For reasons that still are not evident, the Gibson Guitar company has been repeatedly harassed by the Department of Justice. The latest bit was a raid a couple of days ago when agents (according to one account, from the Fish and Wildlife Service) to seize wood that the DOJ believes was taken illegally from India. The backing for the government on this comes from the Lacey Act of 1900, which was enacted to prohibit trade in illegally taken wildlife, fish, or plants.

This isn’t the DOJ’s first attempt at this nonsense. About a year and a half ago they did the same thing, taking wood that they said had been illegally taken from Madagascar.

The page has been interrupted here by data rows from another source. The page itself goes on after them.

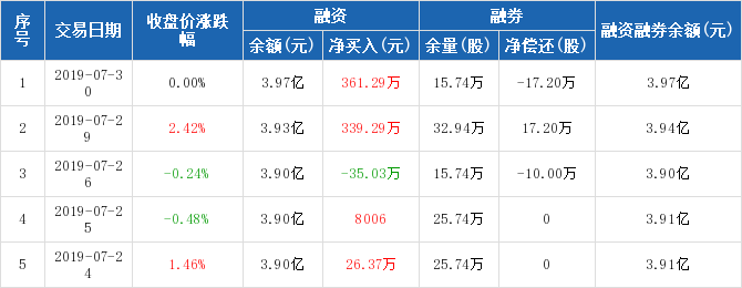 融资方面,当日融资买入757.99万元,融资偿还396.71万元,融资净买入361.29万元。融券方面,融券卖出0股,融券偿还17.2万股,融券余量15.74万股,融券余额66.58万元。融资融券余额合计3.97亿元。
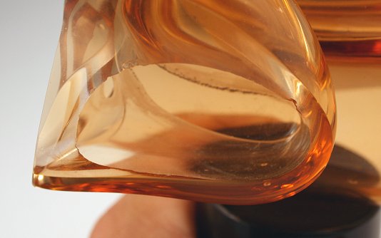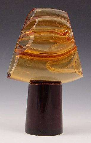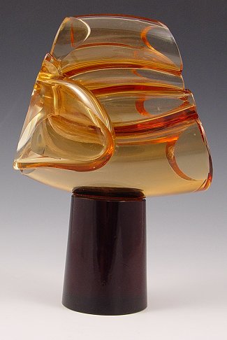 HARVEY, Littleton, (American, 9122-): Abstract Glass Sculpture, 8'' h., incised signature on glass base, several interior bites need grinding. Est. $800/1200**
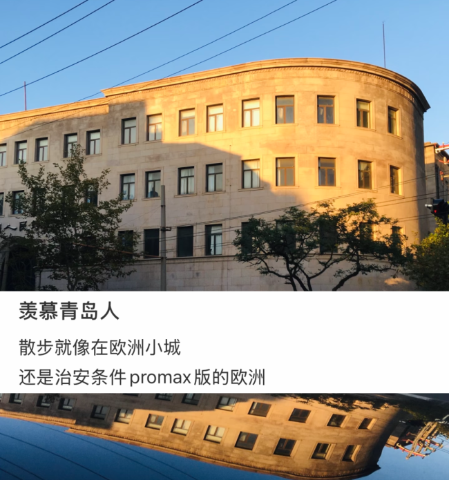 市南市北区的白墙红瓦成了高配版布拉格,崂山的海边休闲广场又幻视意大利,小鱼山随便一个街景都像误入了韩国偶像剧……
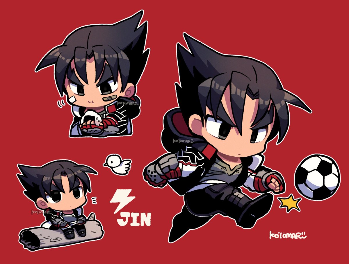 1boy ball bandaid bandaid_on_face black_eyes black_footwear black_hair black_pants character_name chewing chibi food full_body gloves grey_shirt holding holding_food hood hood_down kazama_jin kicking kotomaru_(kotokoto_kottan) lightning_bolt_symbol log male_focus multiple_views no_nose onigiri pants red_background red_gloves shirt signature simple_background sitting_on_log soccer_ball studded_gloves tekken tekken_8 thick_eyebrows v-shaped_eyebrows
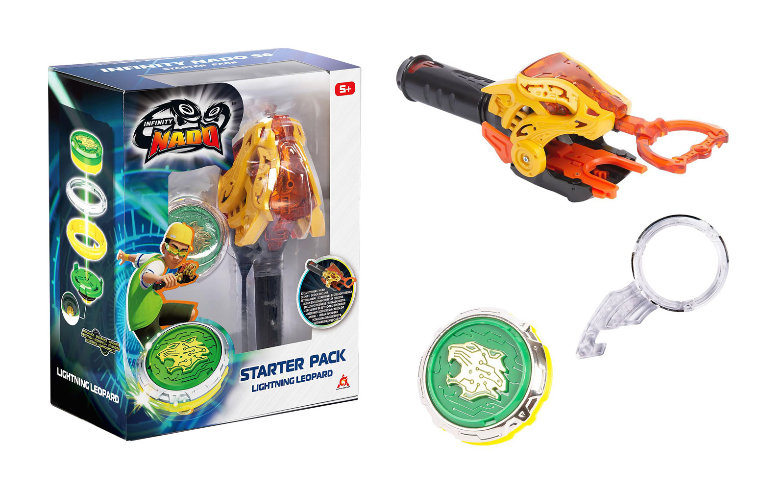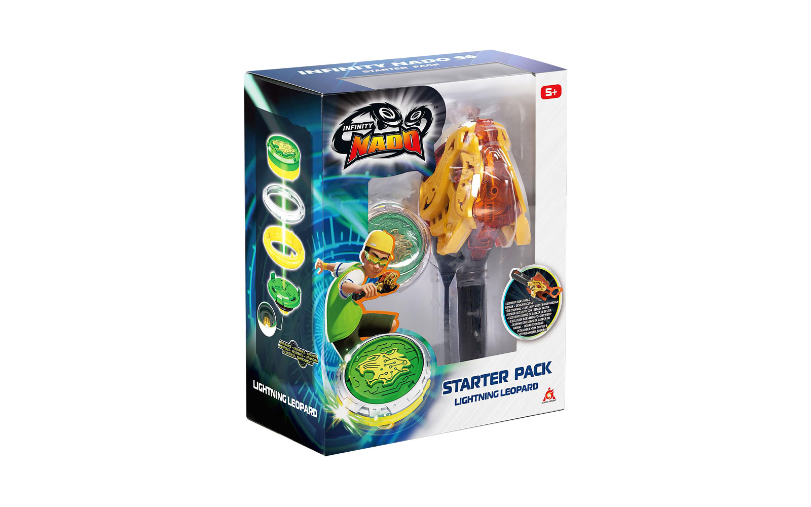 Lansatorul ofera putere si viteza de lupta pentru a castiga toate duelurile din Arena Nado. Tot ce trebuie sa faci este sa fixezi spinnerul in lansator si trage de sfoara pentru a accelera - Nado se va aprinde automat in timp ce se invarte. Pentru a-l lansa, trebuie doar sa apesi tragaciul de pe maner, tinteste apoi trage - confruntarea epica cu prietenii tai poate incepe!
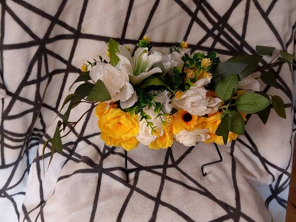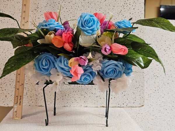 Unique and colourful flowers are fastened to the foam cage at the top of the cemetery saddle. Saddles are designed to fit top of headstones. Flowers are available in a variety of materials: silk, uv protected, foam and includes greenery. In addition flowers are available in a variety of colours for you to choose from. Arrangements stay lovely for multiple seasons.

There are a few problems with this. First, Gibson has all the paperwork from the Madagascar government showing the wood was legally exported. Second, the wood from India was secured from a Forest Stewardship Council supplier, which is an industry-wide group that attempts to comply with not only laws like the Lacy Act, but those of other countries, as well as policies about good forest sustainability practices.

Apparently India has a law that wood is supposed to be “finished’ in India prior to export. This wood consisted of sawn ebony logs, unfinished. Therefore, the DOJ apparently felt it was serving as an agent of a foreign government in seizing the wood.

That’s scarier than the fact that Fish and Wildlife and the DOJ ignored the Madagascar documents and the certifications for the India wood. What is to stop the Holder Justice Department from deciding to become the world’s police within our borders?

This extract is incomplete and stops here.